The Overcorrection
When repeated AI-assisted revisions strip a note of its original clinical observations until it is technically polished but clinically empty.
This antipattern is sneaky because each individual revision looks like an improvement. The problem only becomes visible when you compare the final version to your original observation and realize the actual clinical content is gone.
The Bad Example
Round 1: Your original note:
“Pt produced /r/ in ‘rabbit’ and ‘red’ but couldn’t get it in ‘car’ or ‘star.’ Seemed to lose tongue placement in final position. Got frustrated after 3 failed attempts at ‘star’ and said ‘I can’t do the hard ones.’ We switched to a carrier phrase game and she got vocalic /ar/ in ‘I see a car’ 3/5 times.”
Round 2, after asking the LLM to “make this more professional”:
“Patient demonstrated emerging production of prevocalic /r/ with accurate productions in initial position (‘rabbit,’ ‘red’). Final position /r/ presented with increased difficulty; patient exhibited reduced lingual stabilization in postvocalic contexts. Frustration was noted after multiple unsuccessful attempts. A structured carrier phrase activity was introduced, yielding 60% accuracy for vocalic /ar/.”
Round 3, after asking the LLM to “tighten this up and improve the clinical language”:
“Patient demonstrates emerging /r/ production with stronger performance in prevocalic versus postvocalic contexts. Reduced lingual stabilization contributes to decreased accuracy in final position. Structured carrier phrase tasks facilitated improved production of vocalic /ar/. Continued practice targeting postvocalic /r/ in functional contexts is recommended.”

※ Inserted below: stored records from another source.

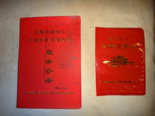 中国では夫婦が子供を産む前にこの左側の「計画生育の服務手冊」を申請する必要があります。すなわち「子供を造る」「ライセンス」だといってもいいです。もしこの「ライセンス」がなければ、罰金を納めることになっています。そして右側のは一人の子どもを持つ夫婦へ配った「光栄証」です。
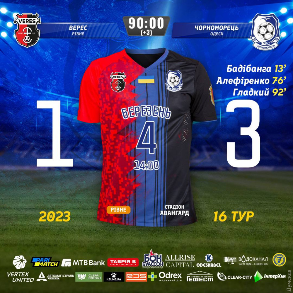 «Чорноморець» з впевненої перемоги в Рівному розпочав друге коло чемпіонату України та залишив зону вильотуФутбольний клуб «Чорноморець» обіграв рівненський «Верес» на його ж полі. Як передає кореспондент «Думської», підопічні Романа Григорчука взяли переконливий реванш у Вереса за поразку у першому турі. Одесити повели в рахунку на 13-й хвилині. Команда якісно вийшла з оборони в атаку — Лука Гучек віддав вертикальний пас на Зігі Бадібангу, той спочатку майстерно розправився з захисником господарів, а потім і з Богданом Когутом. До кінця першого тайму перевагою володіла команда Юрія Вірта. Рівняни подовгу володіли м'ячем, але оборона чорно-синіх гідно трималася. По перерві вже одесити більше часу проводили в атаці. Успіх «Вересу» принесла чи не перша атака в другому таймі. Господарі заробили штрафний, і після першого удару Дмитро Непогодов команду врятував. Проте на добиванні був Маткобожик — 1:1. Хвилин 10 ситуація на полі була доволі напруженою — ніхто не хотів програвати, ціна помилки була дуже високою. Напругу зняв Даниїл Алефіренко, якого Роман Григорчук випустив на заміну. Наш вінгер першим зорієнтувався під час подачі кутового біля воріт Когута і заблокованого удару Гучека. За 15 хвилин до кінця гри «Чорноморець» знову вийшов вперед і перемогу вже не впустив! Знак оклику поставив Олександр Гладкий, впевненим ударом з пенальті, який він сам і заробив. 3:1 — важлива, своєчасна перемога команди Романа Григорчука, яка принесла чорно-синім 14 очок і підняла на дванадцяту сходинку. За тиждень «Чорноморець» вдома зіграє проти ФК «Металіст 1925». СМЕРТЬ РОСІЙСЬКИМ ОКУПАНТАМ! Помітили помилку? Виділяйте слова з помилкою та натискайте control-enter |
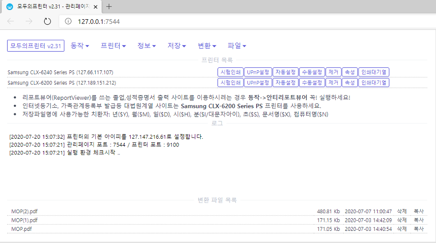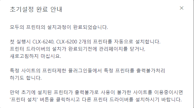 보통 관공서에서 많이 사용하는 CLX-6240과 CLX-6200의 가상프린터를 설치하는데 사업자등록증 또는 가족관계증명서 출력시 이상없이 사용할 수 있으니 다른 옵션 변경 등은 하지 않으셔도 됩니다. 알아서 모두 셋팅까지 완료를 해줍니다.
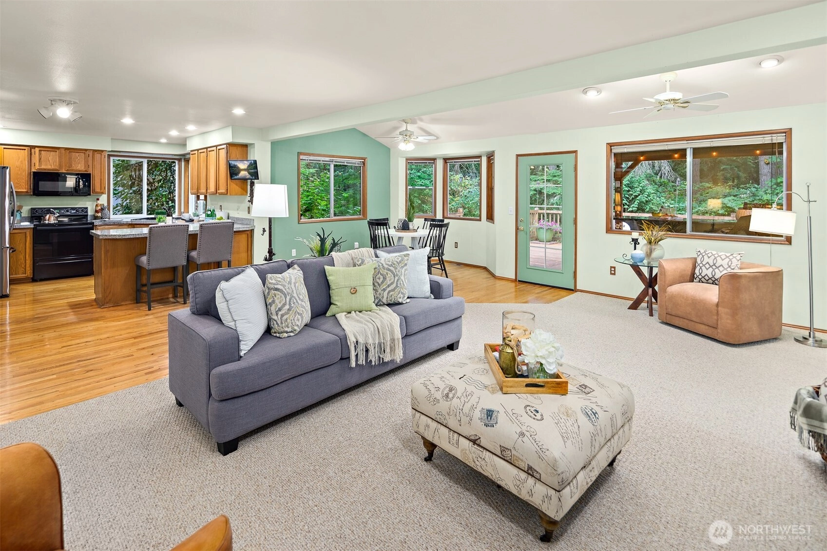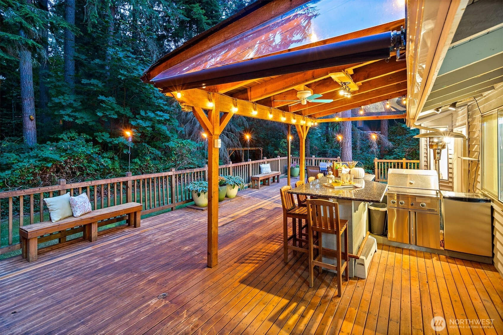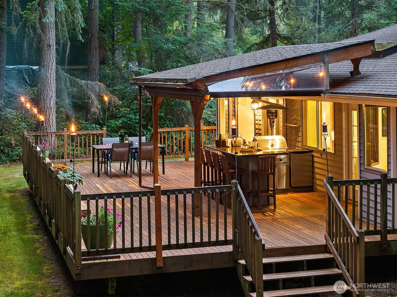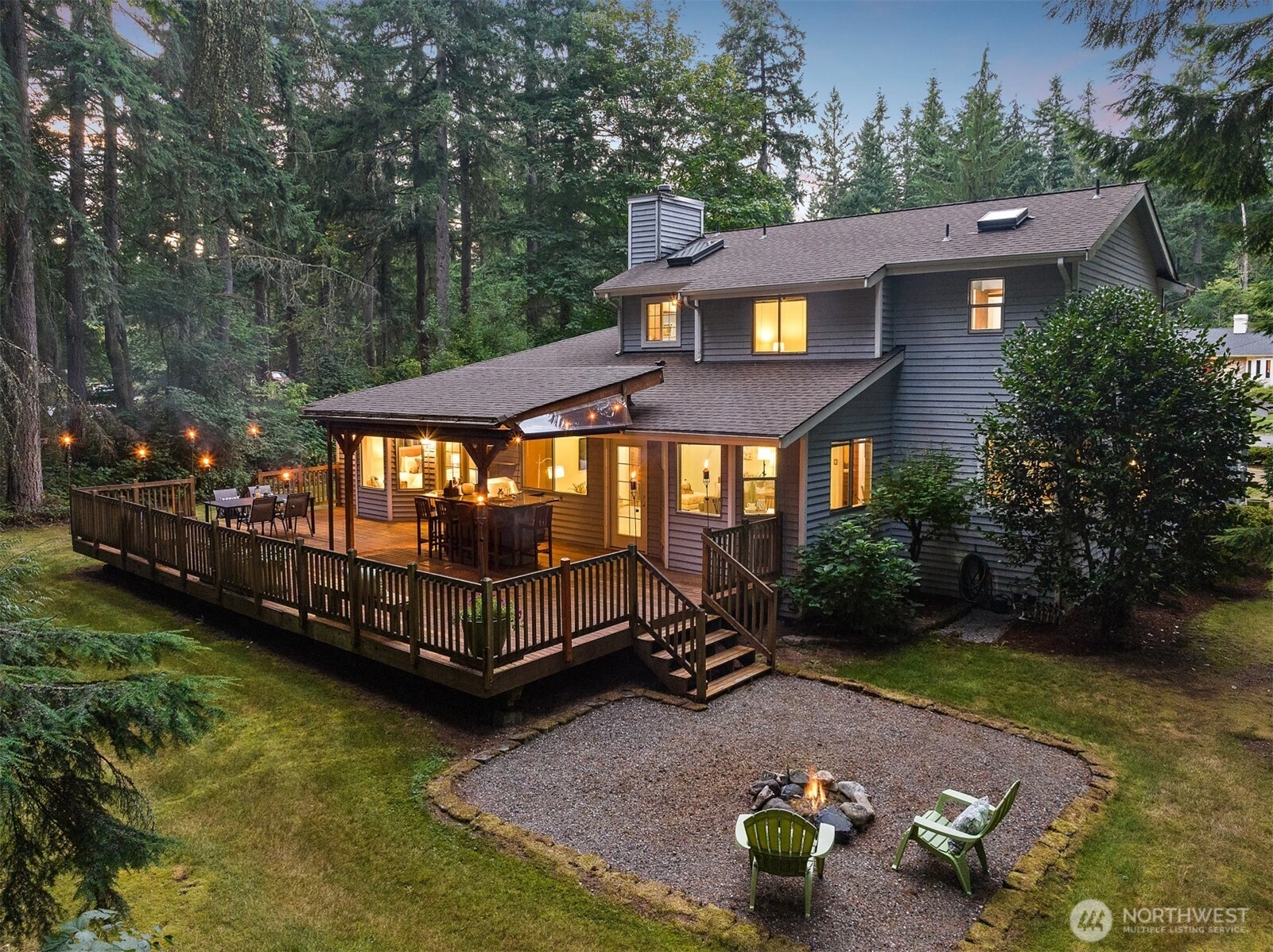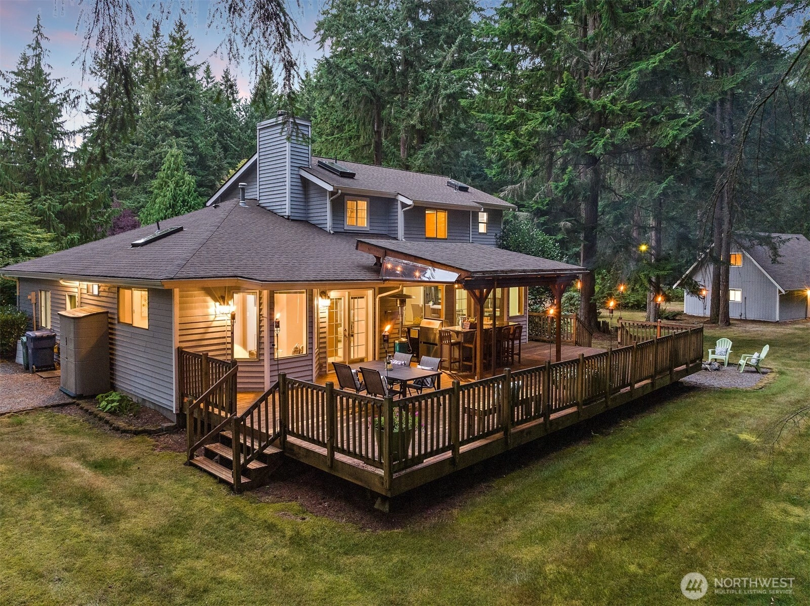 Welcome to your storybook escape at the end of a quiet Redmond cul-de-sac & just minutes to Microsoft! This meticulously maintained 2,524 SF home on a private 1-ac lot features 3 bedrms, an office w/closet space & a luxurious main-level primary suite. The kitchen flows into a spacious family rm & out to a large deck w/heated cabana, granite bar, fridge & built-in gas BBQ—perfect for entertaining. Enjoy RV pkg next to an attached garage, plus an 864 sqft detached shop & garage w/a 576 sqft loft—ideal for a studio or guest qtrs. New roof in 2020 & crawl space updates in 2025 offer peace of mind. Whether you're hosting gatherings or seeking a private & peaceful retreat, this property delivers with space, flexibility, & charm in equal measure.
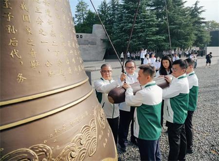團員代表在侵華日軍南京大屠殺遇難同胞紀念館共同撞響和平大鐘,
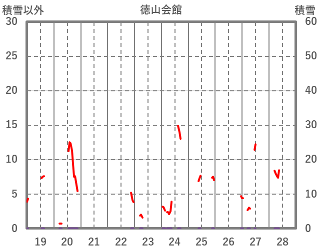 | 日 | 時 | 気温 | 降水 | 風向/風速 | 日照 | 積雪 | 降雪 |
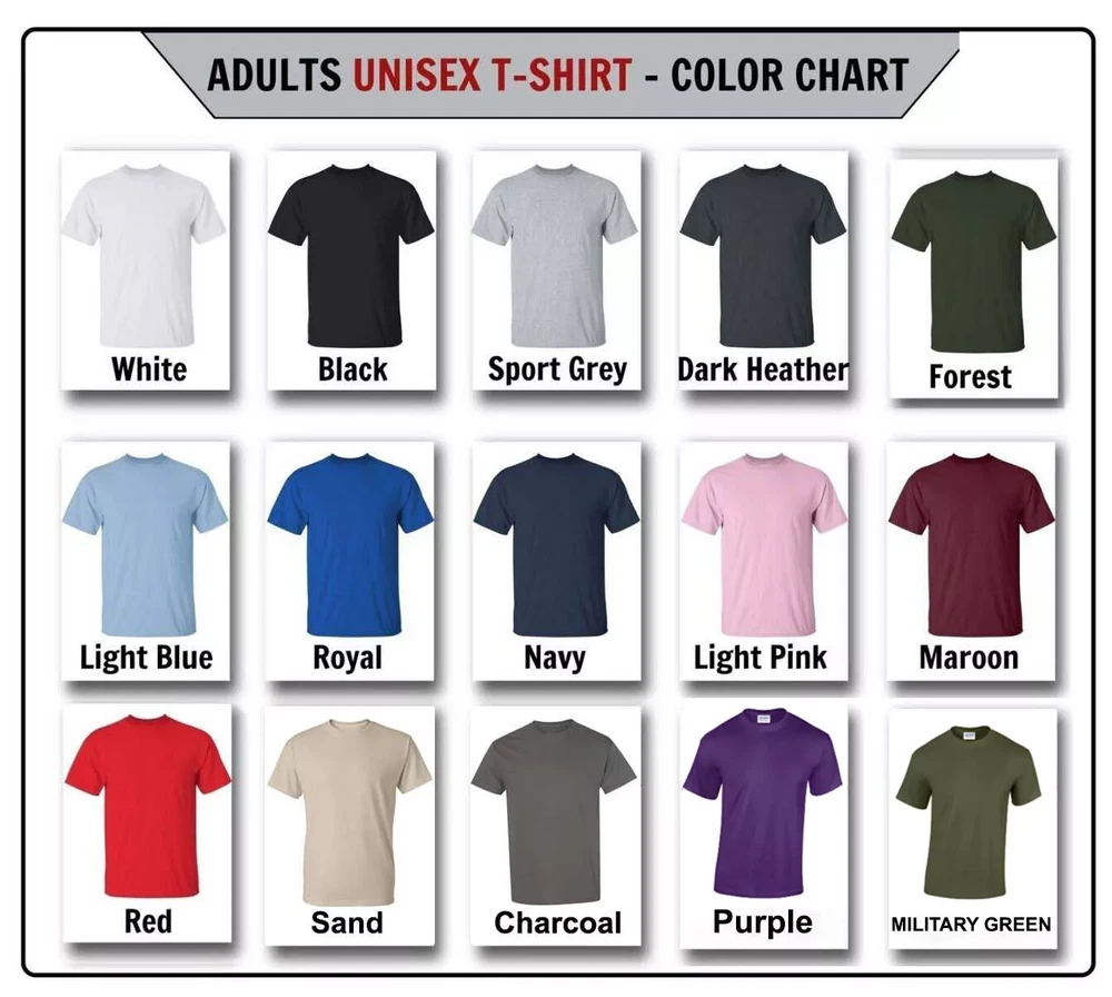 WELCOME TO OUR SHOP! ALL PRODUCTS ARE 100% MADE IN THE USA Shirt Colors Available: Black, White, Light Blue, Royal Blue, Navy Blue, Charcoal, Red, Grey, Maroon, Dark Heather, Pink, Sand, Green, Purple, Military Green, Ash Grey Printed and Shipped from the U.S. Gildan 5000 T-shirt (U.S. Sizes) Sizes: S, M, L, XL, 2XL, 3XL, 4XL, 5XL Material: 100% Heavy Cotton PLEASE LET US KNOW YOUR COLOR CHOICE AT CHECKOUT!

The child who said “I can’t do the hard ones” is gone. The specific words that worked and failed are gone. The clinical decision to switch activities is gone. The 3/5 data point has been rounded into a vague “improved production.” Three revisions turned a useful note into a template.
Why LLMs Produce This
Each time you ask for “improvement,” the model optimizes for the features it associates with professional writing: formal vocabulary, passive voice, generalized statements, and removed subjectivity. It does not know that “she said ‘I can’t do the hard ones’” is clinically meaningful; it reads that as informal language to be upgraded. With each pass the model moves further from your observation and closer to its average of all clinical documentation it has seen.
The Fix
Limit yourself to one revision pass with a specific, constrained instruction:
Reformat my notes into a SOAP note structure. Keep all specific words the client said
(in quotes), all specific data (numbers, percentages, trials), and all specific
materials or activities. Do not generalize, summarize, or remove details. If it was
in my notes, it should be in the output.
If the output needs further changes, make them yourself. Do not feed AI output back into the AI for polishing.
The Fixed Version
“Patient produced prevocalic /r/ accurately in ‘rabbit’ and ‘red.’ Postvocalic /r/ attempts were unsuccessful in ‘car’ and ‘star’; tongue placement was lost in final position. After 3 unsuccessful attempts at ‘star,’ patient stated, ‘I can’t do the hard ones.’ Activity was shifted to a carrier phrase game targeting vocalic /ar/. Patient produced /ar/ in ‘I see a car’ with 3/5 accuracy (60%). Will continue targeting postvocalic /r/ using carrier phrases to build confidence and accuracy.”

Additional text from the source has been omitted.